Who wants to get unsolicited phone calls? Who would take steps to maximize the likelihood of receiving them by buying multiple cell phones with separate numbers?
A shut-in who longs for contact with the outside world? An agoraphobe? A misfit with no social skills? An elderly person with no children who's outlived all his friends?
Who would be so desperate to converse with another human being that he'd actually volunteer to talk to salesmen and debt collectors? Who stoops that low?
Stoops does, or did. Melody Stoops, that is.

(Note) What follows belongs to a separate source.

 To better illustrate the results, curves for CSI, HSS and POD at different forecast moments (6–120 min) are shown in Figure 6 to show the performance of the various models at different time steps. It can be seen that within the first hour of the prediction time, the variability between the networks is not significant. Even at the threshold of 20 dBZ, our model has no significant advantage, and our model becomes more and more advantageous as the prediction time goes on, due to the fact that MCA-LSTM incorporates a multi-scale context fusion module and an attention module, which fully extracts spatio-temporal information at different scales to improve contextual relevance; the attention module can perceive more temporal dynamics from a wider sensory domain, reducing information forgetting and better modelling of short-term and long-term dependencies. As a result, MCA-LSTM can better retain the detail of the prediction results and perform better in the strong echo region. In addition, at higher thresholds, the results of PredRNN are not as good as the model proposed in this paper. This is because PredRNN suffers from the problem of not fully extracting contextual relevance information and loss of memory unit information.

Three years ago, Stoops launched her latest illicit entrepreneurial effort – having pled guilty to theft in Colorado the year prior – by buying the first of 35 cell phones she would eventually accumulate and store in a shoebox, just waiting for them to ring – and ring and ring.

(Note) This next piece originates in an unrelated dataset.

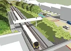 Initial plans for the station were for access to be from Monmouth Road, which runs parallel to the railway, north of the line. There was to be a fully accessible footbridge across the line, with both ramp and stairs, as well as a pedestrian crossing across Monmouth Road and a lit 50-space car park on the old goods yard at the eastern end of Monmouth Road. The very end of the goods yard would be maintained for Network Rail access.[14][19] These plans were changed following an agreement to acquire a property on Station Road. The new plans have the entrance to be on Station Road, at the east end of the site, meaning there would be no need for a footbridge. There would be disabled parking and a pick up/drop off point adjacent to the entrance, although the exact design of this area is still under consideration.[20] Noise mitigation options are to be investigated and there will be improvements to local footpaths.[14]

Though living in central Pennsylvania, Stoops registered her nearly three dozen phones with Florida numbers. Why Florida?
“I knew that people had hardships in Florida, that they would be usually defaulting on their loans or their credit cards,” she testified in 2015.
Stoops wanted to receive “unsolicited” calls from debt collectors so that she could file lawsuits against the companies making them in violation of the 1991 Telephone Consumer Protection Act (TCPA) and recover “damages” as high as $1,500 per call.
Several thousand TCPA suits were filed last year, but most were settled out of court, which is what plaintiffs hope for and count on.
Stoops filed roughly a dozen suits in the U.S. District Court for the Western District of Pennsylvania and sent twice as many demand letters. “It’s my business,” she testified. “It’s what I do.”
Technically, then, the calls weren't unsolicited. That's essentially what a federal judge concluded when he dismissed her last suit, against Wells Fargo.
Think what she might accomplish if she applied her craftiness to a real enterprise!